Nothing but the lines from the start of the entries through the line holding "产地:中国大陆 适用性别:通用 尿片规格型号:L" is to be repeated, exactly and with pictures excluded.

Top of Listed entries

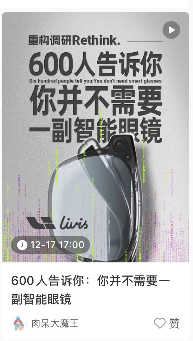 一会儿关于智能眼镜的调研视频就要发了,趁着这个机会,说一下我对这个品类的看法。我们之前接到过调研智能眼镜用户、市场的需求,我们访谈了真实用户、潜在用户,也反复拆解过不同厂商的产品路径,在长达8个月的调研中发现,智能眼镜不是一个“做得不够好”的品类,而是一个“被高估为刚需”的品类。大多数用户并不排斥智能眼镜,甚至在第一次体验时会觉得“挺酷”“挺方便”,但问题出现在第二周、第三周——它很难进入日常高频使用的那条轨道。不是性能不行,而是生活里没有那么多必须戴它的理由。智能眼镜更像一个体验型产品,而不是入口型产品。它对于体验来说挺加分,但很难成为日常必需品;有惊喜,但难以让用户形成依赖。更关键的是,当前几乎所有智能眼镜的价值,依然建立在“替代手机一部分能力”之上,而手机本身,已经是一个过于成熟、过于强大的计算、生活、工作、娱乐中心。所以我个人的判断是:智能眼镜会长期存在,但很难在短期内成为大众级爆品。它更适合被当作某些特定人群、特定场景下的“生产力工具”,而不是下一代计算平台。
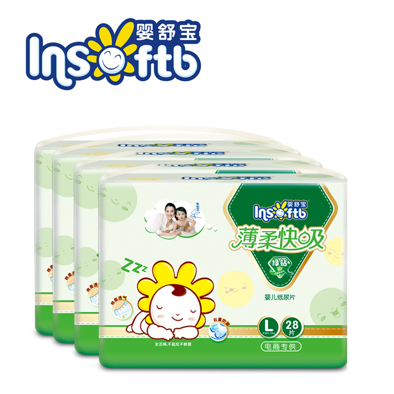 产地:中国大陆 适用性别:通用 尿片规格型号:L 包装数量(片):112 尿不湿品类:纸尿片 适合体重:8KG-13KG 品牌:Insoftb/婴舒宝 系列:绿钻薄柔快吸 规格:L28片4包组合 尿片规格:L28片4包组合 查看全文
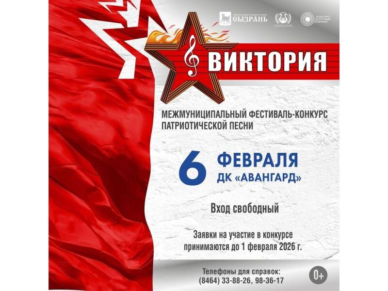 Творческих жителей Сызрани приглашают принять участие в очередном межмуниципальном фестивале-конкурсе патриотической песни «Виктория». Популярный конкурс помогает выявить ярких исполнителей песен патриотического содержания, популяризует песни о Великой Отечественной войне, о Родине, Самарском крае, Российской армии. В этом году конкурс проводится в пяти номинациях: «солисты», «вокальные ансамбли», «вокально-инструментальные ансамбли», «инструментальные ансамбли», «авторы - исполнители». В «Культурно-досуговом комплексе» Сызрани перечислили всех, кто имеет право участвовать в «Виктории». К участию в конкурсе приглашаются все желающие - любители вокального творчества: военнослужащие и члены их семей, курсанты высших военных заведений, гражданский персонал Вооруженных сил, сотрудники федеральных служб и правоохранительных органов, студенты вузов и спу, а также любительские творческие коллективы независимо от ведомственной принадлежности (детские школы искусств, дома культуры, дворцы творч
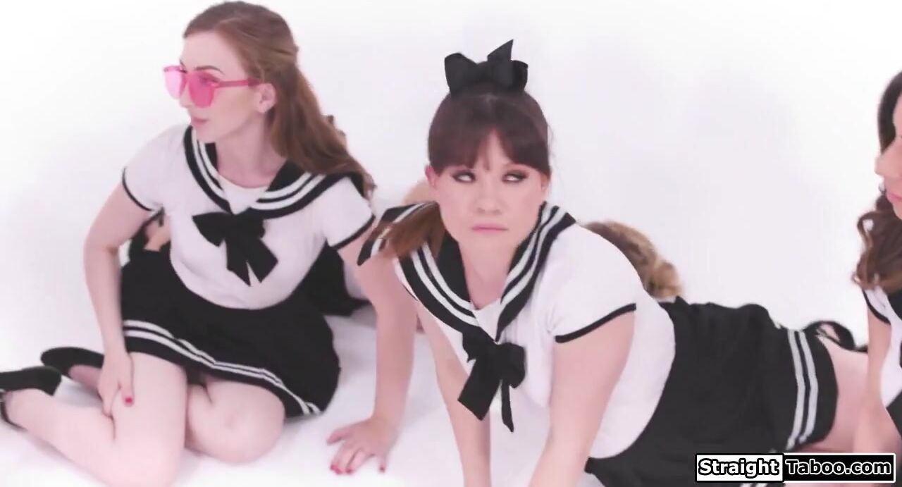 Bus driver has a virtual reality orgy with 5 teen students.A petite brunette is deepthroat facefucked and the older guy bangs the small tits blonde as an uniformed babe gives oral sex to a big tits girl.He fucks her rough and licks her shaved pussy
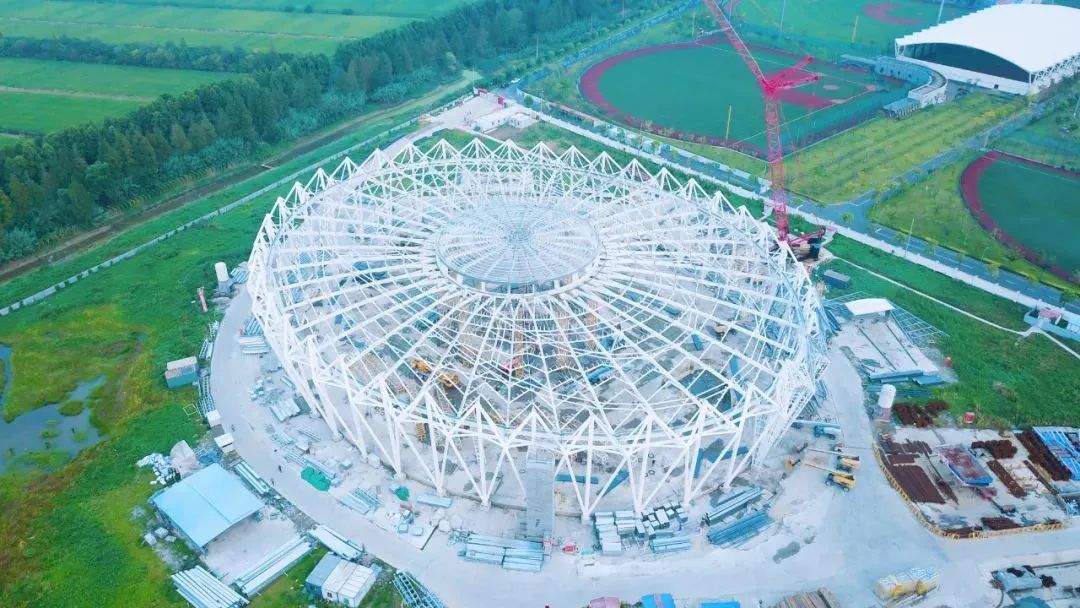 近日,位于崇明的上海自行车馆项目主要单体的钢结构张拉结束,场馆整体钢结构外框架施工完成。场馆按照承办奥运会、世锦赛等国际顶级赛事标准和要求建设,是上海市重大工程项目,建成后将成为上海提升城市影响力和建设全球著名体育城市的重要一环。

Bottom of Listed entries

Result of the task>
 一会儿关于智能眼镜的调研视频就要发了,趁着这个机会,说一下我对这个品类的看法。我们之前接到过调研智能眼镜用户、市场的需求,我们访谈了真实用户、潜在用户,也反复拆解过不同厂商的产品路径,在长达8个月的调研中发现,智能眼镜不是一个“做得不够好”的品类,而是一个“被高估为刚需”的品类。大多数用户并不排斥智能眼镜,甚至在第一次体验时会觉得“挺酷”“挺方便”,但问题出现在第二周、第三周——它很难进入日常高频使用的那条轨道。不是性能不行,而是生活里没有那么多必须戴它的理由。智能眼镜更像一个体验型产品,而不是入口型产品。它对于体验来说挺加分,但很难成为日常必需品;有惊喜,但难以让用户形成依赖。更关键的是,当前几乎所有智能眼镜的价值,依然建立在“替代手机一部分能力”之上,而手机本身,已经是一个过于成熟、过于强大的计算、生活、工作、娱乐中心。所以我个人的判断是:智能眼镜会长期存在,但很难在短期内成为大众级爆品。它更适合被当作某些特定人群、特定场景下的“生产力工具”,而不是下一代计算平台。
 产地:中国大陆 适用性别:通用 尿片规格型号:L 包装数量(片):112 尿不湿品类:纸尿片 适合体重:8KG-13KG 品牌:Insoftb/婴舒宝 系列:绿钻薄柔快吸 规格:L28片4包组合 尿片规格:L28片4包组合 查看全文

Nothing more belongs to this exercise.